### [SOURCE MATERIAL]
──────
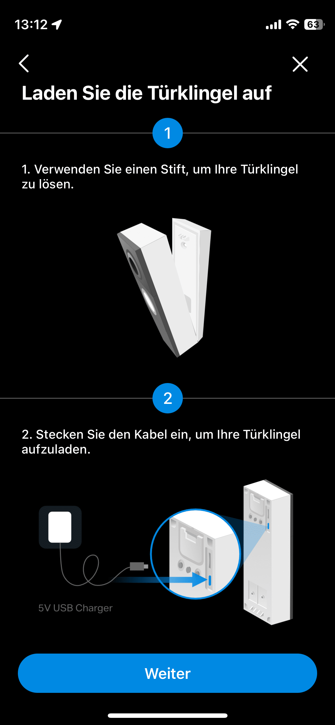 Wer die Klingel hingegen an einer herkömmlichen Außenwand und/oder recht grobporigen Wand anbringen möchte, sollte auf einen Bohrer zurückgreifen. Die passenden Schrauben und Dübel liegen dem Lieferumfang bei. Bevor du die Klingel dann zum ersten Mal anbringst, solltest du allerdings zunächst noch einmal den Akku vollständig aufladen. Eine komplette Ladung nimmt etwa sieben Stunden in Anspruch. Da der Akku jedoch in der Regel mit etwas Restkapazität daherkommt, geht das meist schneller.
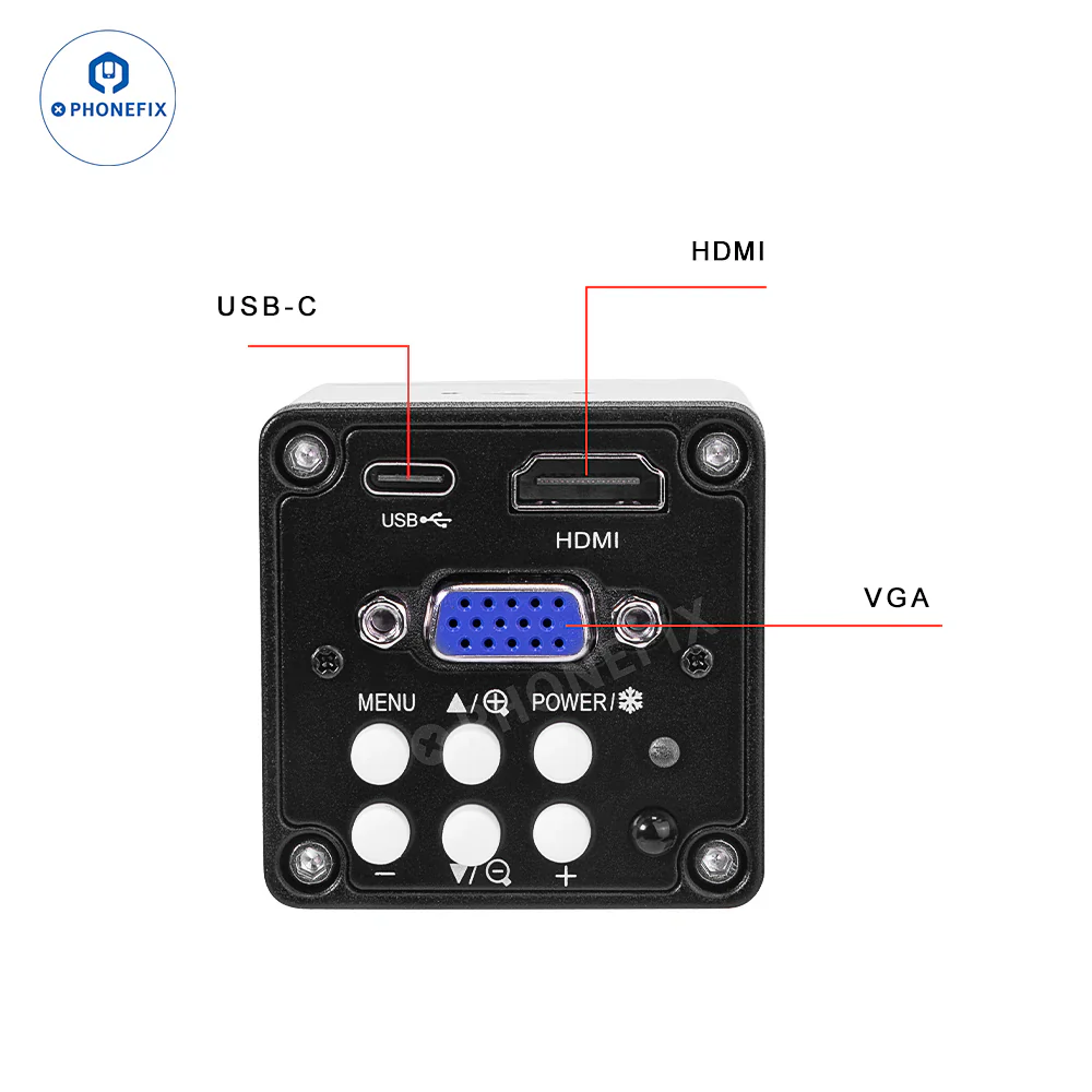 H2630VT-D50 2MP HD Industrial Camera with HDMI VGA Tape-C 3 simultaneous output interfaces, 1/3 inch @ 60FPS, 2.8UM*2.8UM pixel size, supports electronic zoom, 8 resolutions and 10 languages. CS lens mount is compatible with most trinocular stereo microscopes. It's ideal for repairing mobile s, laptops, tablets, and motherboard BGA chips.
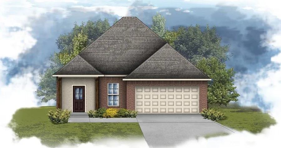 Features: garden tub, separate shower, and a walk-in closet in the primary suite, covered rear porch, ceiling fans in the living room and primary bedroom are standard, smart connect wi-fi thermostat, smoke and carbon monoxide detectors, post tension slab, landscaping, architectural 30-year shingles, flood lights, and more!
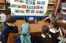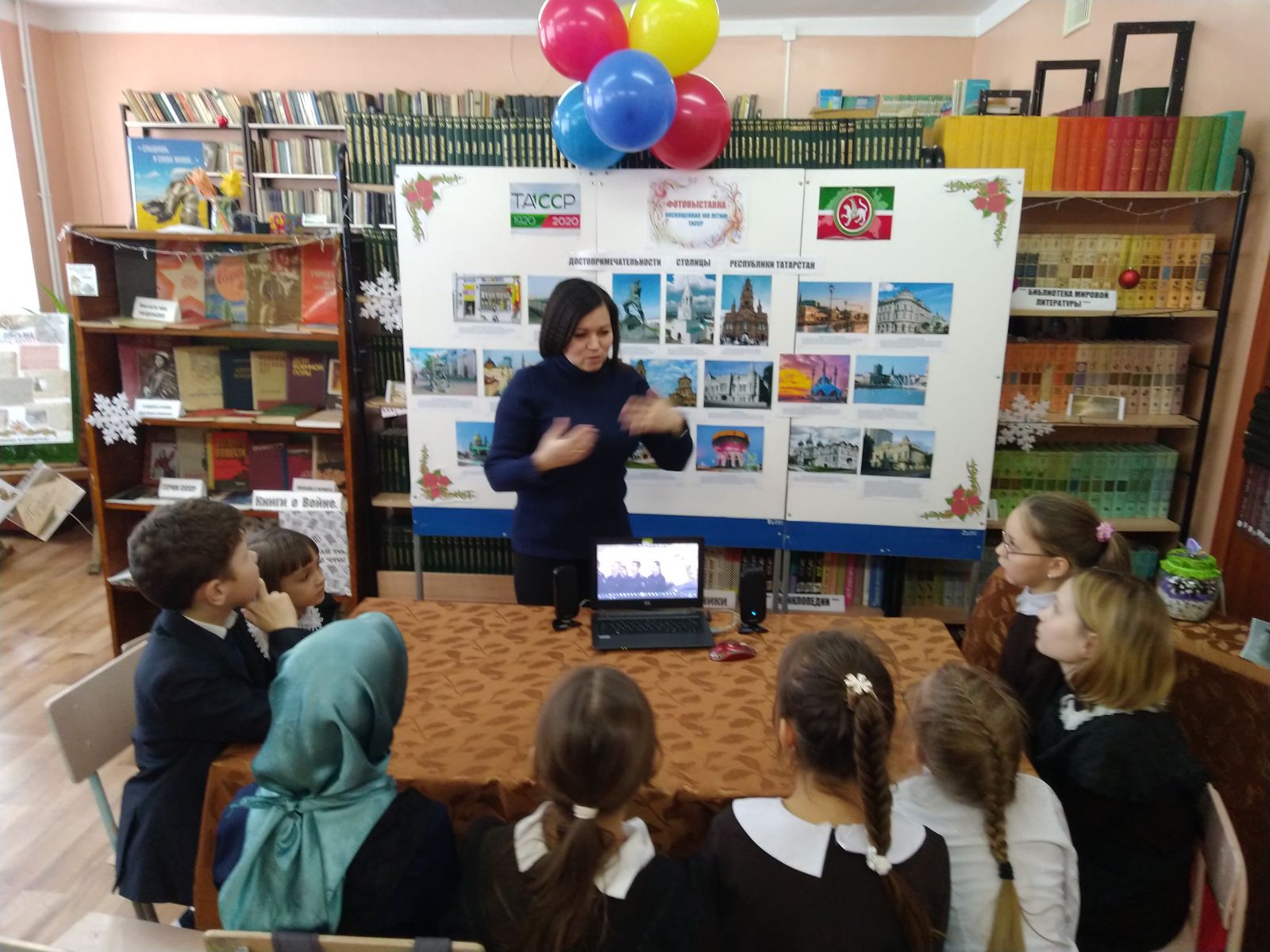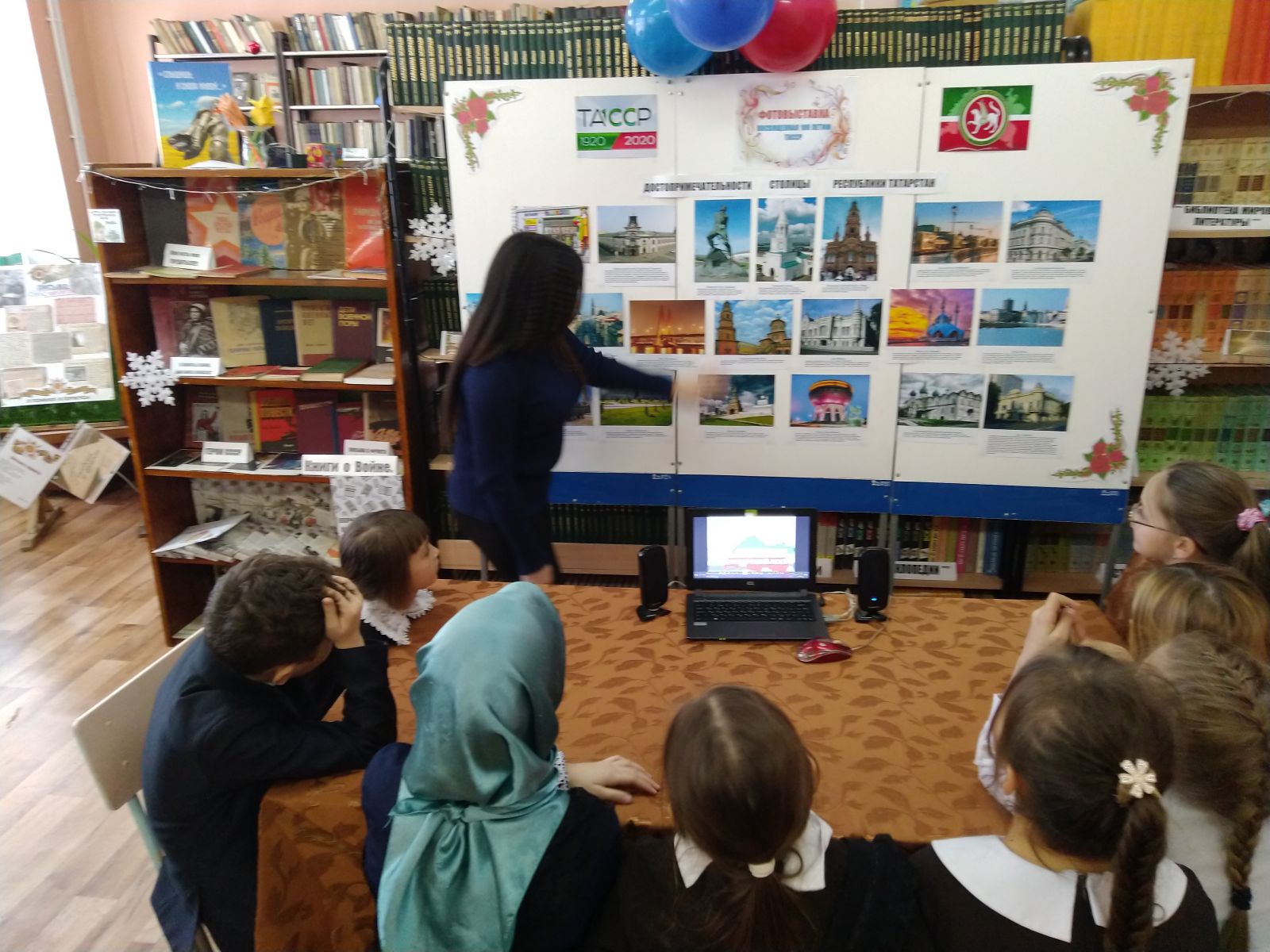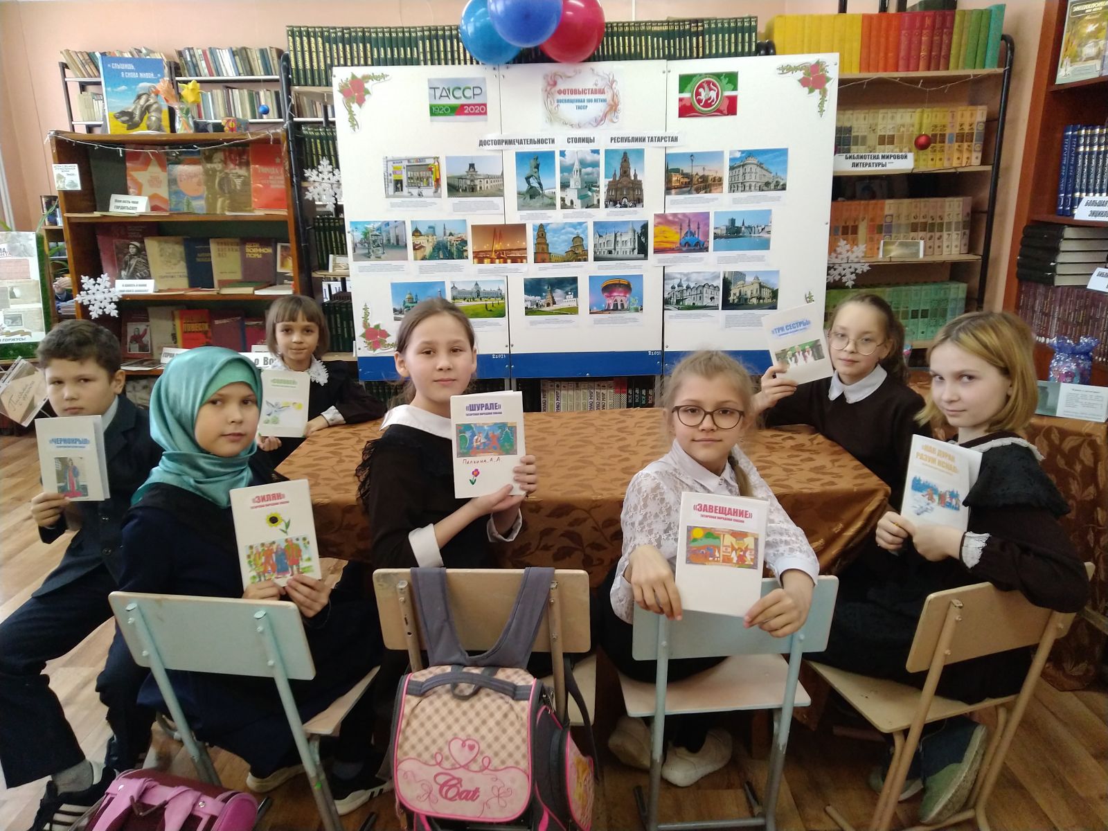 В школьной библиотеке с помощью фотовыставки ученики путешествовали по культурным учреждениям Казани, побывали в Булгаре, Биляре, Раифском монастыре и на острове Свияжск. Просмотрели интересный фильм об истории образования ТАССР. Библиотекарь познакомила учеников с книжной иллюстрированной выставкой «Родной край», в завершении ученики с удовольствием выбрали книги для домашнего чтения. -
──────
### [WHAT YOU SHOULD DO]
Leaving out the pictures, restate each line of the listing above verbatim, from the opening line to the line bearing "Features: garden tub, separate", inclusive, and no more.

### [ANSWER BELOW]
 Wer die Klingel hingegen an einer herkömmlichen Außenwand und/oder recht grobporigen Wand anbringen möchte, sollte auf einen Bohrer zurückgreifen. Die passenden Schrauben und Dübel liegen dem Lieferumfang bei. Bevor du die Klingel dann zum ersten Mal anbringst, solltest du allerdings zunächst noch einmal den Akku vollständig aufladen. Eine komplette Ladung nimmt etwa sieben Stunden in Anspruch. Da der Akku jedoch in der Regel mit etwas Restkapazität daherkommt, geht das meist schneller.
 H2630VT-D50 2MP HD Industrial Camera with HDMI VGA Tape-C 3 simultaneous output interfaces, 1/3 inch @ 60FPS, 2.8UM*2.8UM pixel size, supports electronic zoom, 8 resolutions and 10 languages. CS lens mount is compatible with most trinocular stereo microscopes. It's ideal for repairing mobile s, laptops, tablets, and motherboard BGA chips.
 Features: garden tub, separate shower, and a walk-in closet in the primary suite, covered rear porch, ceiling fans in the living room and primary bedroom are standard, smart connect wi-fi thermostat, smoke and carbon monoxide detectors, post tension slab, landscaping, architectural 30-year shingles, flood lights, and more!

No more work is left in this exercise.